Key Lookup Threshold Part 2
Grant Fritchey(@gfritchey) posed this question to me on twitter after my posted on the key lookup threshold post.
@statisticsio Interesting post. Do you think that threshold is dependent on the data involved? Or maybe on the size of the key?8:28 AM Feb 5th from TwitterGadget in reply to statisticsio
I kind of assumed so which is why I did char(1000). However, I have just tested with char(1). The numbers are interesting. Please refer to the original post for repro code.
| IO | IO | |
| Rows | CHAR(1000) | CHAR(1) |
| Scan | 422 | 9 |
| 1 row | 4 | 4 |
| 5 rows | 12 | 12 |
| 10 rows | 22 | 22 |
| 25 rows | 52 | 52 |
| 50 rows | 114 | 102 |
| 100 rows | 217 | 202 |
| 250 Rows | 526 | 502 |
| 500 Rows | 1043 | 1003 |
| 1000 Rows | 4141 | 4007 |
The threshold is crossed much earlier because the scan is smaller. This is a small table especially with CHAR(1) so take this test with a grain of salt. Run your own tests when you are working with large production data.

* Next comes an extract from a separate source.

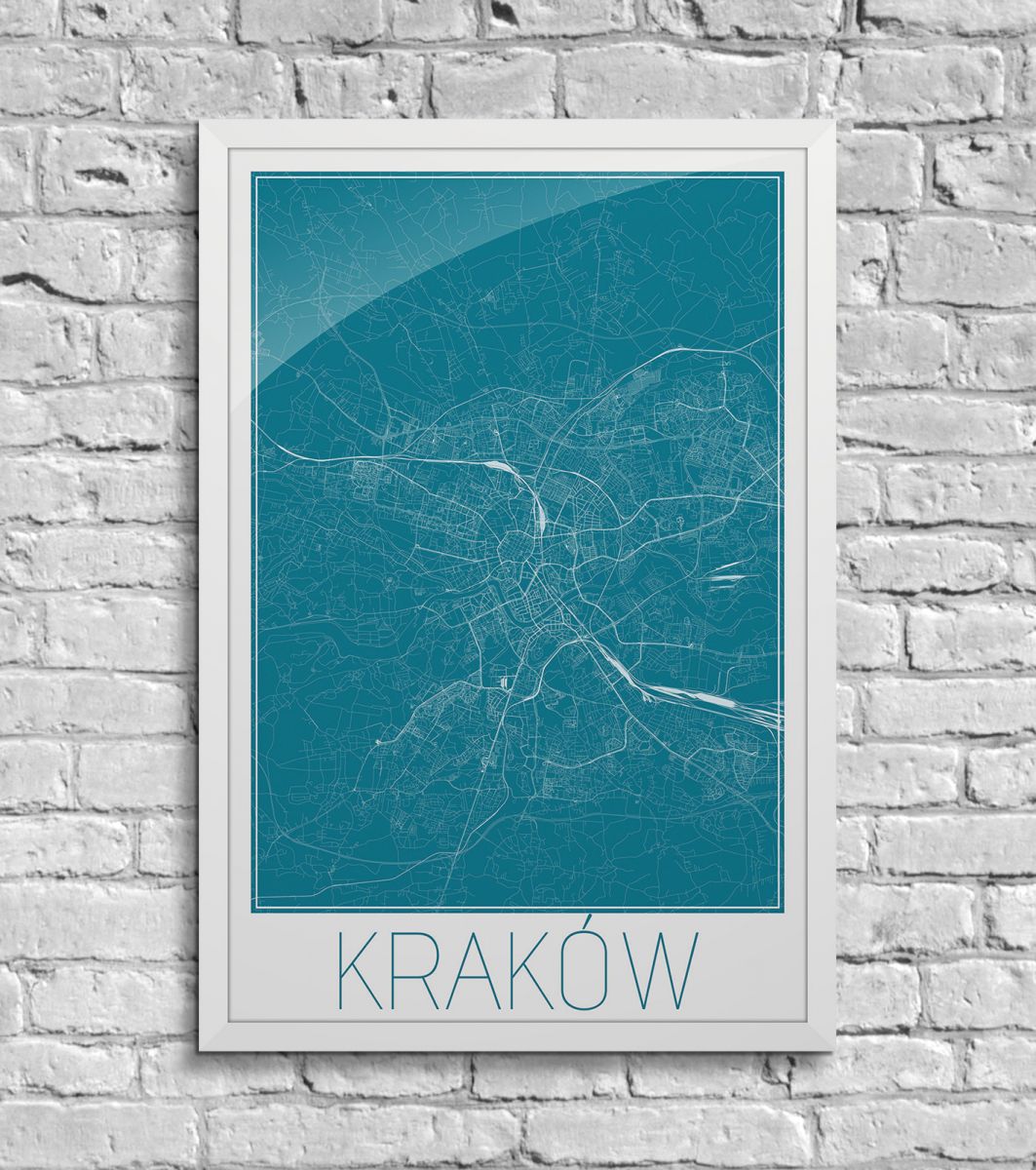 Artystyczna mapa na ścianę, zatytułowana Kraków - Niebieska mapa Ciekawy i oryginalny plakat na ścianę. Wyprodukowany na papierze o wysokiej gramaturze w cyfrowej jakości. Plakat wykonany przez polskiego producenta. Świetnie nadaje się do oprawienia w ramy lub antyramy. Specyfikacja papier satynowy 220g/m2 druk cyfrowy wymiary plakatu 61x91,5 cm

I would also venture to guess that as the complexity of the query increases the threshold gets lower especially on more complex queries like when grouping especially when grouping and outer joining.
A covering index is probably the best solution in most cases unless you need to touch all rows even then, it might be better,.